Prompt: Where a line below holds the string "through", that line goes into the answer.

Recorded information:
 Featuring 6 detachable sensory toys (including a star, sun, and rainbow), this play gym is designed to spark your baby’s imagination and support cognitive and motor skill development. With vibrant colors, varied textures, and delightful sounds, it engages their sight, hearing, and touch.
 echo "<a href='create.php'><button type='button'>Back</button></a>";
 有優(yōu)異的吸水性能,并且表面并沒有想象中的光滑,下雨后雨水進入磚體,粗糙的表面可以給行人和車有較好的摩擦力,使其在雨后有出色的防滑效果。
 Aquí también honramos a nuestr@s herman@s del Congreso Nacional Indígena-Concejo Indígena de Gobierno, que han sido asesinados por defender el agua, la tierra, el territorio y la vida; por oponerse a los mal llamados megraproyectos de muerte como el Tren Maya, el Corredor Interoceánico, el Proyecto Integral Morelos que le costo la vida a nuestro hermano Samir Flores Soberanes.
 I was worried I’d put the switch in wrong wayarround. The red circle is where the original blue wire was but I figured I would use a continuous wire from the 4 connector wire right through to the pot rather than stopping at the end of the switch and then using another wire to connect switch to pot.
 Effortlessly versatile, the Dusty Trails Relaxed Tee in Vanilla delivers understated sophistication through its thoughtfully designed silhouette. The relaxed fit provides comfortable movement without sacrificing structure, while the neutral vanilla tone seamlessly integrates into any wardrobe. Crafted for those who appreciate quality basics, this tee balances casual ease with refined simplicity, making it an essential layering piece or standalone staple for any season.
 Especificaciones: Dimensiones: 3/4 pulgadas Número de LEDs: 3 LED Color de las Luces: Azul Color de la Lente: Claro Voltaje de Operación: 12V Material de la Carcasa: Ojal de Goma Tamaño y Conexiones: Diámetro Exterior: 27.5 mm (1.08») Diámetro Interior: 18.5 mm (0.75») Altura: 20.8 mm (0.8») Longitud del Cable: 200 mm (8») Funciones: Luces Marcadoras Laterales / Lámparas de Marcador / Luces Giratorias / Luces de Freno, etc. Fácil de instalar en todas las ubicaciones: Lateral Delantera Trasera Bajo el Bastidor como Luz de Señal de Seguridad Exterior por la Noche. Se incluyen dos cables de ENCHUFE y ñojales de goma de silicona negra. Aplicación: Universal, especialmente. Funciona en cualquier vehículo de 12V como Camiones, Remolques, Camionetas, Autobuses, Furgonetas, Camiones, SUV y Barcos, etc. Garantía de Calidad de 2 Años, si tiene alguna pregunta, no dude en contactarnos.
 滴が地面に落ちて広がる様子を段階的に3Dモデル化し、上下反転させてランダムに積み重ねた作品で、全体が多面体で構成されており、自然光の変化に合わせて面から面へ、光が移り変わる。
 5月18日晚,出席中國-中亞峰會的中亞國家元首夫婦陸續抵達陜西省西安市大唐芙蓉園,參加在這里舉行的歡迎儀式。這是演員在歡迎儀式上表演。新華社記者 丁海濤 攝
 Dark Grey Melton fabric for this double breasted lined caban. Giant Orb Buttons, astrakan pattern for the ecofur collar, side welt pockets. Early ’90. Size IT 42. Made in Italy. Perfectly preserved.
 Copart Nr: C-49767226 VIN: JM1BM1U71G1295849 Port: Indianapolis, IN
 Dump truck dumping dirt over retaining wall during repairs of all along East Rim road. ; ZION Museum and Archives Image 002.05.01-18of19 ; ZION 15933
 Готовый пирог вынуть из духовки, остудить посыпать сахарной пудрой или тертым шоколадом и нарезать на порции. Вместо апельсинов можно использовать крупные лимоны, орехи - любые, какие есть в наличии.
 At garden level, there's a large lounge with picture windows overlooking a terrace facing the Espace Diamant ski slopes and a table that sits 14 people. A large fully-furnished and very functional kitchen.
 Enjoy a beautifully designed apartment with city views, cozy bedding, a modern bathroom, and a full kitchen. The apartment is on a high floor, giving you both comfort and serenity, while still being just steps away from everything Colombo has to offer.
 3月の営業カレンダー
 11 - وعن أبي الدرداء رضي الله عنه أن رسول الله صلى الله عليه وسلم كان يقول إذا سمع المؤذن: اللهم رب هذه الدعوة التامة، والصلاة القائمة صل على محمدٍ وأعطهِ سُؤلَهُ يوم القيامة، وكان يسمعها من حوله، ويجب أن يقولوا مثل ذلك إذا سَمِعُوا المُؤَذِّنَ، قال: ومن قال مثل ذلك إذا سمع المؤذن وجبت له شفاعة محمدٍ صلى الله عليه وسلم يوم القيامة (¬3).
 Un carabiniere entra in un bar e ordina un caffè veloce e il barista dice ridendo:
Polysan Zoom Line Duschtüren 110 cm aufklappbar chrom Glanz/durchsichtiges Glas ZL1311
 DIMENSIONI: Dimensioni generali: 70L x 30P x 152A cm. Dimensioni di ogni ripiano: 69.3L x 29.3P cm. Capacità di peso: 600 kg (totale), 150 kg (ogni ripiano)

Finished task:
 I was worried I’d put the switch in wrong wayarround. The red circle is where the original blue wire was but I figured I would use a continuous wire from the 4 connector wire right through to the pot rather than stopping at the end of the switch and then using another wire to connect switch to pot.
 Effortlessly versatile, the Dusty Trails Relaxed Tee in Vanilla delivers understated sophistication through its thoughtfully designed silhouette. The relaxed fit provides comfortable movement without sacrificing structure, while the neutral vanilla tone seamlessly integrates into any wardrobe. Crafted for those who appreciate quality basics, this tee balances casual ease with refined simplicity, making it an essential layering piece or standalone staple for any season.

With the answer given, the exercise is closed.